Input and output file in qiime feature-classifier classify-sklearn different Feature IDs

Hi, I have a problem when classifying sequences. The taxonomy output file has different feature IDs than the input rep-seqs file. Only a few feature IDs are the same. Otherwise the taxonomy file looks fine.
I use the latest version of Qiime2 (2020.2) and run this command:
qiime feature-classifier classify-sklearn --i-classifier silva-132-99-nb-classifier.qza --i-reads B-rep-seqs.qza --o-classification B-taxonomy.qza
I downloaded the pre-trainedSilva reference database from the data resource page on the Qiime2 website (Silva 132 99% OTUs full-length sequences)
I can not find a previous similar issue in the forum, so I am hoping it is a simple mistake on my part.
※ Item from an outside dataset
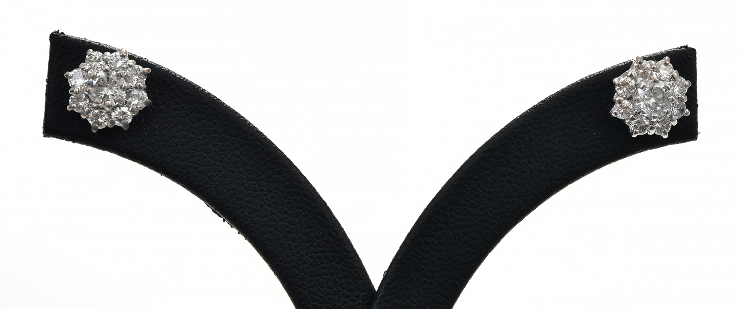 A PAIR OF DIAMOND CLUSTER EARRINGS - Each centrally set with a round brilliant cut diamond, surrounded by a further eight round brilliant cut diamonds, totalling 1.62cts, mounted in 18ct white gold.
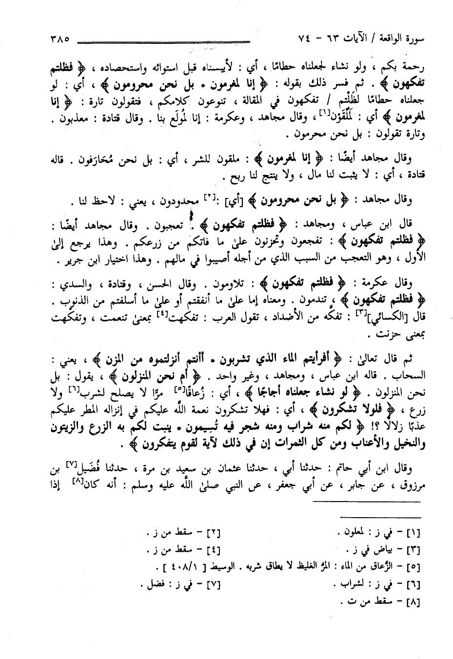 ثُمَّ فَسَّرَ ذَلِكَ بِقَوْلِهِ " إِنَّا لَمُغْرَمُونَ بَلْ نَحْنُ مَحْرُومُونَ " أَيْ لَوْ جَعَلْنَاهُ حُطَامًا لَظَلَلْتُمْ تَفَكَّهُونَ فِي الْمَقَالَة تُنَوِّعُونَ كَلَامكُمْ فَتَقُولُونَ تَارَة إِنَّا لَمُغْرَمُونَ أَيْ لَمُلْقُونَ وَقَالَ مُجَاهِد وَعِكْرِمَة إِنَّا لَمُوَقَّع بِنَا وَقَالَ قَتَادَة مُعَذَّبُونَ وَتَّاره تَقُولُونَ بَلْ نَحْنُ مَحْرُومُونَ وَقَالَ مُجَاهِد أَيْضًا إِنَّا لَمُغْرَمُونَ مُلْقُونَ لِلشَّرِّ أَيْ بَلْ نَحْنُ مُحَارِفُونَ قَالَهُ قَتَادَة أَيْ لَا يَثْبُت لَنَا مَال وَلَا يُنْتَج لَنَا رِبْح وَقَالَ مُجَاهِد بَلْ نَحْنُ مَحْرُومُونَ أَيْ مَجْدُودُونَ يَعْنِي لَا حَظّ لَنَا قَالَ اِبْن عَبَّاس وَمُجَاهِد " فَظَلْتُمْ تَفَكَّهُونَ" تُعْجِبُونَ وَقَالَ مُجَاهِد أَيْضًا فَظَلْتُمْ تَفَكَّهُونَ تَفْجَعُونَ وَتَحْزَنُونَ عَلَى مَا فَاتَكُمْ مِنْ زَرْعكُمْ وَهَذَا يَرْجِع إِلَى الْأَوَّل وَهُوَ التَّعَجُّب مِنْ السَّبَب الَّذِي مِنْ أَجْله أُصِيبُوا فِي مَالهمْ وَهَذَا اِخْتِيَار اِبْن جَرِير .

Hopefully someone can help.

Hi @AsaJac, could you please post both of these files here:

You can send via DM if these data need to be kept private

This will help us diagnose. Thanks!

Hi, the B samples worked, while the A samples did not. I have attached the files.
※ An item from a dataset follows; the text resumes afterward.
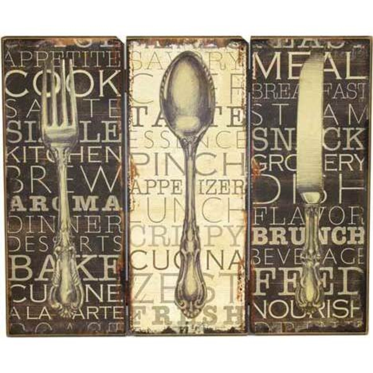 Introducing the Cutlery Cooks Sign from Lavida. It features the image of a spoon, knife and fork, each in their own respective sections and each over a word-covered background. It's a fabulous piece of art to put in your kitchen. While its lovely appearance is a draw, the best part is that its black and white colouring can complement a variety of themes and colour schemes in your room, so it'll blend well with your current design. It's sure to be one of your new favourite pieces of art.

A-rep-seqs.qza (246.7 KB) A-taxonomy.qza (164.8 KB)

1 Like

Hi @AsaJac,
It looks like the issue a mix-up in filenames (or processing parameters).

Take a look at the provenance in those two files (you can view this with… both artifacts come from the same original data, but diverge at the filter-samples step.

Specifically, the rep-seqs.qza were filtered where "[Primers]='A'" but the taxonomy was filtered where "[Primers]='B'", so the samples (and as a consequence the features) will not overlap 100% in the resulting table.

In other words, you filtered your rep seqs two different times and are trying to compare the taxonomy to the wrong rep seqs artifact.

I hope that helps!


That makes sense. I will try and look back in the filtering process, see if I can fix it. I am new to Qiime2, so thank you very much for your assistance, it is highly appreciated.


This topic was automatically closed 31 days after the last reply. New replies are no longer allowed.